- [Exercise requirements]:
Exactly the lines below from the one with "Boeket wilde bloemen" up to and including the one with "de Vlaamse schilderkunst.'" make up the answer, with nothing else added.

- [Records to process]:
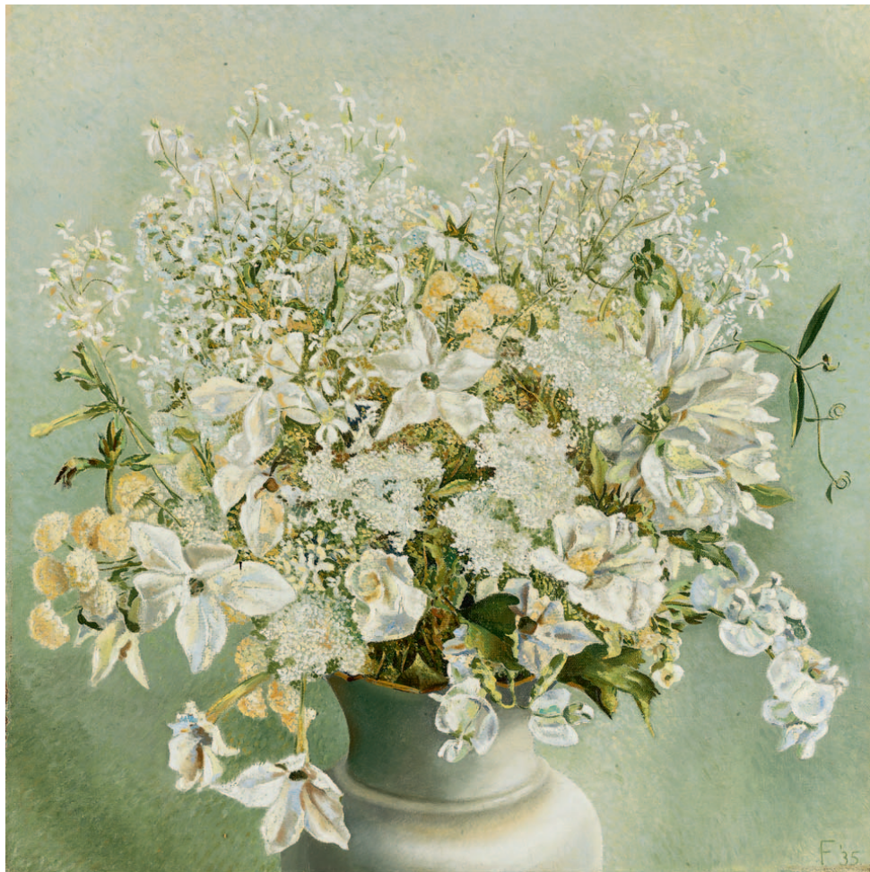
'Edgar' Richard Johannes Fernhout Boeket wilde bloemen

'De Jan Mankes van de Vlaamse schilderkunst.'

* * *

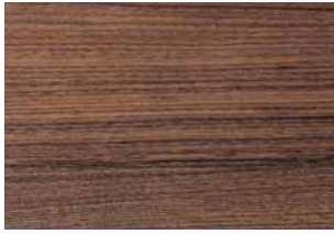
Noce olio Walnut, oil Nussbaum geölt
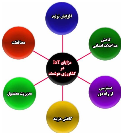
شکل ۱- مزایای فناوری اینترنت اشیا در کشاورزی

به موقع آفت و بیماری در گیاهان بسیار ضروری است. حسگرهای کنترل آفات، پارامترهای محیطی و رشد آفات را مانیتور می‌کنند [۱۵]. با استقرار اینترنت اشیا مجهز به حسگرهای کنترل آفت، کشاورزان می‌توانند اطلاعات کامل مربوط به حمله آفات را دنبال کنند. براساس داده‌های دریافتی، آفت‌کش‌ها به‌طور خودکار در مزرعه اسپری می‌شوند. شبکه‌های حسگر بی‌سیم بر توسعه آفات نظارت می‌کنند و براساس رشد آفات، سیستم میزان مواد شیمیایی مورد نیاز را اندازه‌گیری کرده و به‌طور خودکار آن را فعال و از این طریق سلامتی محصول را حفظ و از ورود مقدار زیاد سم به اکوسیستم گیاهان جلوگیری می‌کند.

- [Task solution]:
'Edgar' Richard Johannes Fernhout Boeket wilde bloemen

'De Jan Mankes van de Vlaamse schilderkunst.'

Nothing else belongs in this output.